We see that a common factor of two integers also divides their arbitrary linear combination or remains invariant with respect to the operation of constructing their arbitrary linear combination. For chosen integers \(a, b, f\):

if \(f | a\) and \(f | b\) then \(f | (ax + by)\) for any integers \(x\) and \(y\)

Proof: if \(f | a\) then:

$$a = f n_a$$

and if \(f | b\) then:

$$b = f n_b$$

and hence, for any integers \(x\) and \(y\) we have:

$$ax + by = f n_a x + f n_b y = f (n_a x + n_b y)$$ $$(a x + b y) \in \mathbb{Z}$$ $$(n_a x + n_b y) \in \mathbb{Z}$$

\(\square\)

For later reference let us call the above - the LC-Theorem, for Linear Combination.

Before we move on, let us get a good handle on exactly what a GCD, the subject of our computational search, is.

3) GCD

A standard, textbook, definition of GCD is the following: it is a strictly positive number \(d\) that divides both integers \(a\) and \(b\), at least one of which is not zero, and if there exists any other common factor of \(a\) and \(b\) then that factor is not greater than \(d\). In symbols: \(d > 0\), \(d | a\) and \(d | b\) and if \(c | a\) and \(c | b\) then \(c \leqslant d\).

The reason we require that at least one of two integers is not zero is to avoid dealing with infinitude of potential divisors. If both integers are zero then, since any integer divides zero, the number of divisors of two such integers will be infinite. If, on the other hand, at least one integer is not zero then the number of common divisors becomes finite, we can sort these divisors in an ascending order and the last such divisor will be the greatest one. It follows then that:

$$gcd(a, 0) = a$$

a fact used in the Euclidean GCD Algorithm.

It is often the case in mathematics that a definition of an object provides no clues to its construction or computation.
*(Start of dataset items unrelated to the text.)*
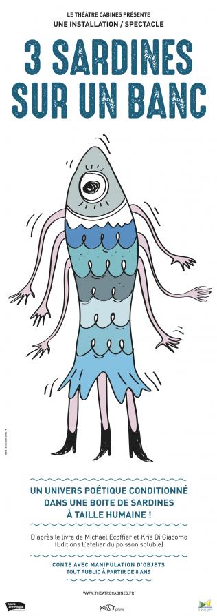 Assis sur un banc, « serrés comme des sardines », les spectateurs prennent part au dialogue insolite de trois sardines qui évoquent avec gourmandise le monde extérieur.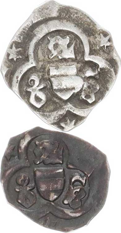| 603. | 2 Pfennige 1515, 1519 2 ks 1x dírka | 2-2 | 150,- | --.- |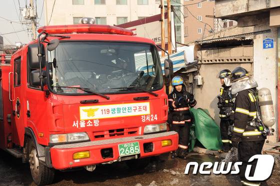 강서소방서는 11일 공항시장 및 신월중앙시장에서 겨울철 화재진압을 위한 소방통로 확보와 비상시에 활용할 수 있는 비상소화장치를 활용한 화재진압 훈련을 실시했다. (강서소방서 제공) 2013.1.11/뉴스1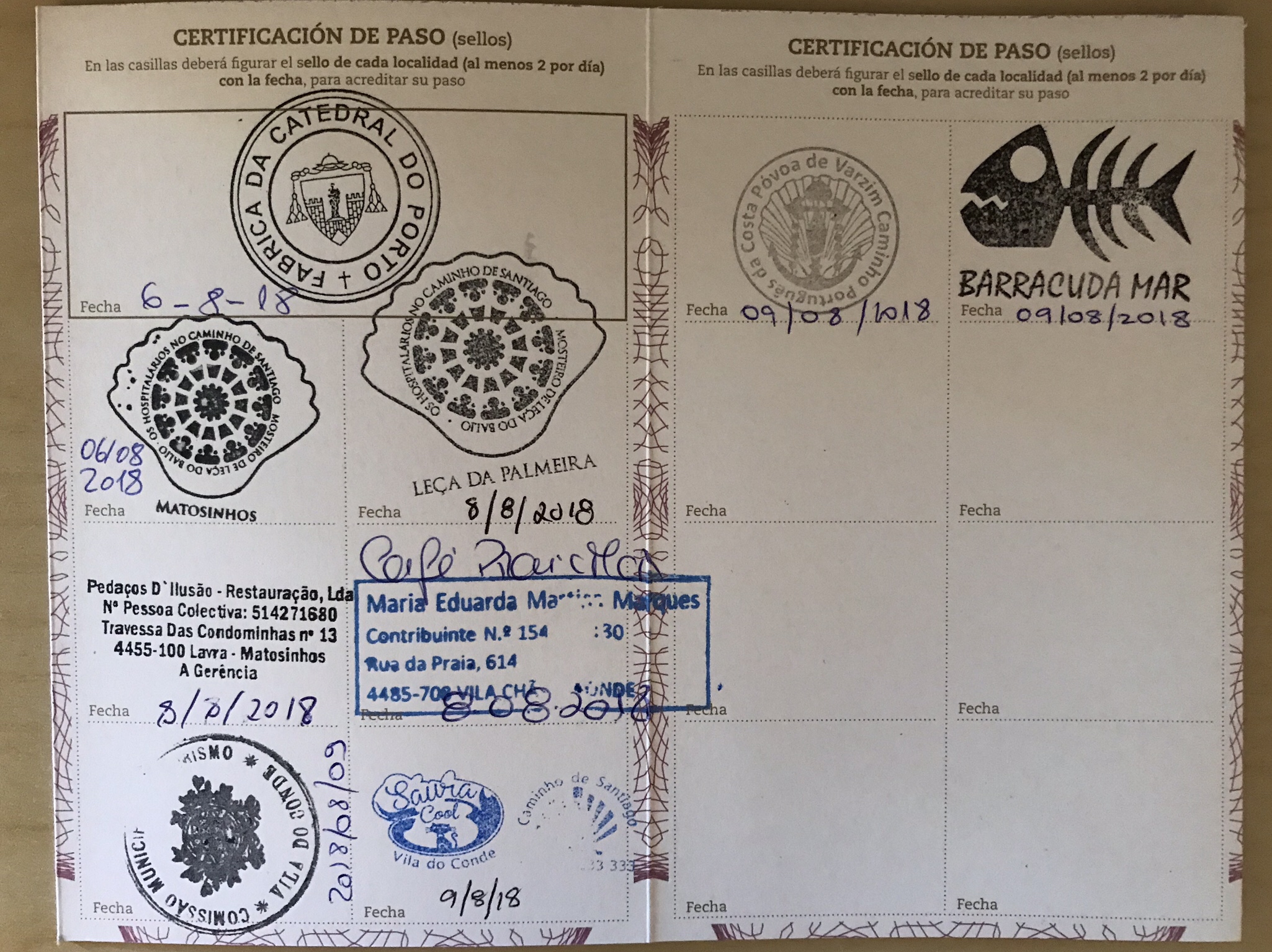 Love the last stamp of the day at a fish restaurant in A Ver o Mar where we stopped for an espresso.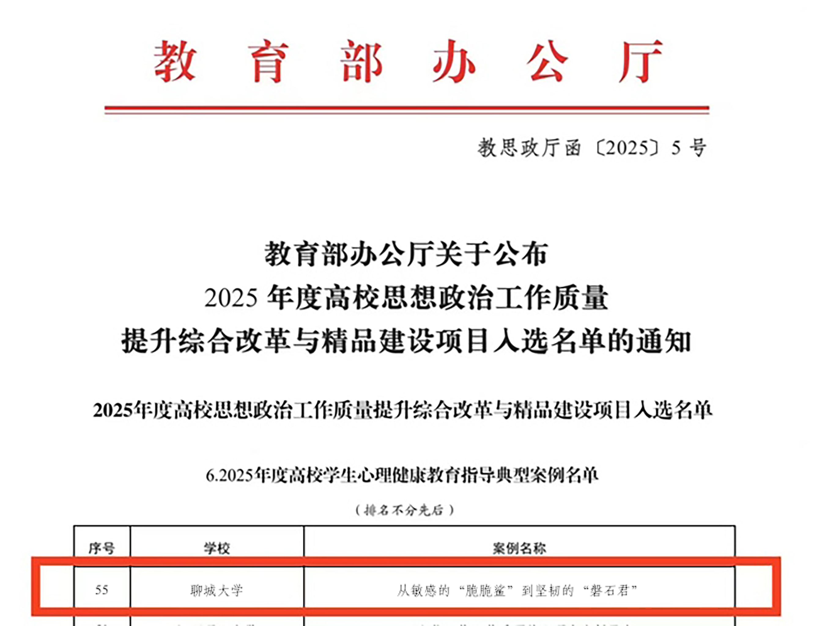 近年来,学校高度重视学生心理健康教育工作,以提升学生心理健康素养为出发点,不断创新心理健康教育方式方法,围绕《全面加强和改进新时代学生心理健康工作专项行动计划(2023—2025年)》的目标任务与工作要求,形成了“467阳光聊大”心理健康教育体系,精心营造了“向阳而生、逐光而行、拥抱当下、遇见未来”的良好心理育人氛围。

As such, the definition above is certainly one of those - it tells us what GCD is but gives no recipe for its computation.

One initially intuitive way to compute a GCD is as follows: factorize \(a\) over primes and put the resulting prime factors into a multiset \(A\). Factorize \(b\) over primes and put the corresponding prime factors into a multiset \(B\). Take the intersection of \(A\) and \(B\) and multiply through all the numbers in it. For example:

$$a = 525 = 3 \cdot 5 \cdot 5 \cdot 7$$ $$A = \{3, 5, 5, 7\}$$ $$b = 60 = 2 \cdot 2 \cdot 3 \cdot 5$$ $$B = \{2, 2, 3, 5\}$$ $$A \cap B = \{3, 5\}$$ $$gcd( 525, 60 ) = 3 \cdot 5 = 15$$

(recall that multisets are sets, or collections, of items where duplicates are allowed)

If it so happens that the intersection of two multisets in question is empty then we take it that number \(1\) is the only common factor of two integers, in symbols:

$$gcd(a, b) = 1$$

in which case the numbers are called coprime or relatively prime. Observe that two composites can very well be coprime:

$$a = 77 = 7 \cdot 11$$ $$A = \{7, 11\}$$ $$b = 18 = 2 \cdot 3 \cdot 3$$ $$B = \{2, 3, 3\}$$ $$A \cap B = \emptyset$$

The integers above do not share any common prime factors and hence:

$$gcd(77, 18) = 1$$

Now that we have a way of computing a GCD of two integers, let us begin our investigation of the inner workings of the Euclidean GCD Algorithm with two integers that have some number of common prime factors.

4) Some Commonality

Our naive way of computing a GCD may work reasonably well when the integers are small and we can figure out their prime factors quickly. For large numbers, however, our algorithm becomes impractical quickly because prime factorization of such numbers takes too long. As such, we seek a faster way to compute a GCD of two integers and the Euclidean Algorithm is one answer.

Since the algorithm in question deals with subtraction, let us construct the simplest possible differences of two integers, \(a = 525\) and \(b = 60\), by always subtracting a smaller number from a larger one. Why this is useful will become clear soon:

$$\begin{array}{rcrcr} 525 & - & 60 & = & 465 \\ 465 & - & 60 & = & 405 \\ 405 & - & 60 & = & 345 \\ 345 & - & 60 & = & 285 \\ 285 & - & 60 & = & 225 \\ 225 & - & 60 & = & 165 \\ 165 & - & 60 & = & 105 \\ 105 & - & 60 & = & 45 \\ \end{array}$$

If we were to blindly proceed at this stage then the next difference would become negative:

$$45 - 60 = -15$$

and all the consequent differences would remain negative also - we know that \(\mathbb{Z}\) has neither upper nor lower bounds. For any finite positive integer we can always produce one larger and for any finite negative integer we can always produce one smaller. Hence, our process would go on forever and will never terminate. We, on the contrary, want to find a process that is guaranteed to terminate in a finite number of steps.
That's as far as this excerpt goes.